Multiple input movies
If there are multiple input movies, there will still only be one experiment annotations file, which concatenates the pose estimates across all input movies into a single result.
Labeled MP4 File (for visualization)¶
A .mp4
file containing the model predictions annotated on every frame of the input movie.
The following figure shows an example of this output.
Multiple input movies
If there are multiple input movies, a labeled movie .mp4
file is created for each movie.
Next Steps¶
Here are some examples of subsequent analyses that can be executed using the outputs of this tool:
- Average DeepLabCut Keypoints: Average the keypoint estimates in each frame of the tool output, and use this to represent the mouse center of mass (COM).
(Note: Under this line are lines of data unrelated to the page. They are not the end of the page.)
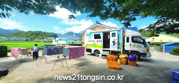 ‘찾아가는 빨래방서비스’는 2.5톤 트럭에 세탁기 4대와 전기온수기, 발전기‧급수탱크 등을 설치해 현장을 찾아가 바로 세탁서비스를 제공하는 사업으로, 2015년 시범사업을 시작으로 2017년부터 전 시군으로 확대 운영하고 있다.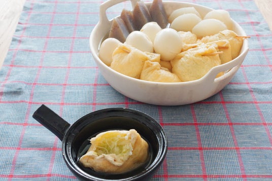 出汁を吸ったキャベツとお揚げのジューシー巾着が主役のおでんです。寒い季節はアツアツを。夏は冷やしてもおいしいです。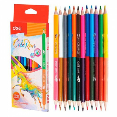 Карандаши двусторонние Deli «ColoRun», 24 цвета, 12 штук, в эргономичном трехгранном корпусе. Яркие, насыщенные цвета, мягкое раскрашивание.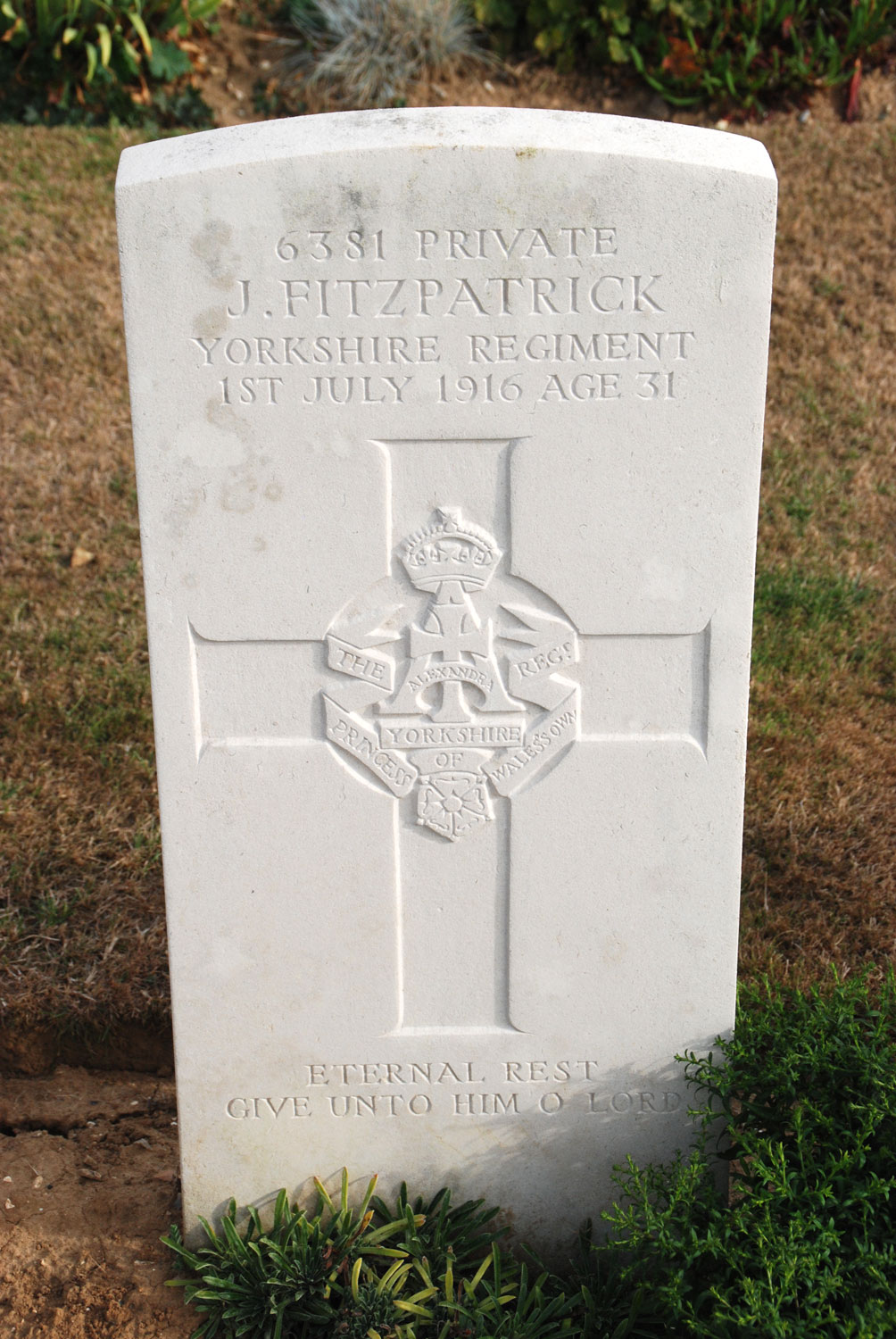 | Private James Fitzpatrick. 3/6381. 2nd Battalion Yorkshire Regiment. Son of James and Catherine Fitzpatrick. Killed 1 July 1916. Aged 31. Born Grangetown (Yorks), Enlisted Strensall, Resided Middlesbrough. "ETERNAL REST

- Compute Locomotion Metrics: Compute instantaneous speed and label states of rest and movement from averaged keypoints.
- Compare Neural Activity Across States: Compute population activity during states of rest and movement from locomotion metrics.
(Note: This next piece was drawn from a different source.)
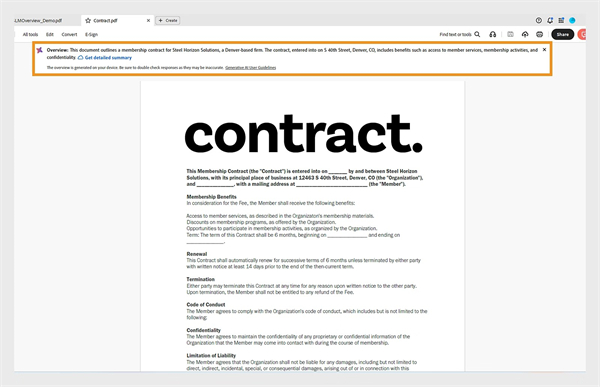 Acrobat 现在会显示文档的简要概述,让您快速了解内容。您可以选择获取详细摘要以获取更多见解。设置首选项,以在打开文档时默认显示概述。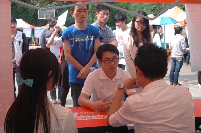 4月27日,拼搏app登录入口2013届就业困难毕业生"送岗位、送服务、送温暖"双选会在拼搏app登录入口办公楼前篮球场举行。此次招聘会得到开福区劳动局的大力支持,共邀请了40家用人单位,其中包括三一集团、湖南省公安厅政治部宣传处、蓝思科技、比亚迪、圣得西服饰、镁镁科技等省内外知名企业。招聘岗位涉及机械、土木、电子、电气、计算机、财务管理、市场营销、外语、人力资源、物流管理、中文、艺术设计等20余个专业,为毕业生提供900多个就业岗位。

- Compare Neural Circuit Correlations Across States: Compute correlations of cell activity during states of rest and movement from locomotion metrics.
- Combine and Compare Population Activity Data: Combine and compare population activity from multiple recordings and compare across states of rest and movement.
- Combine and Compare Correlation Data: Combine and compare correlations data from multiple recordings and compare across states of rest and movement.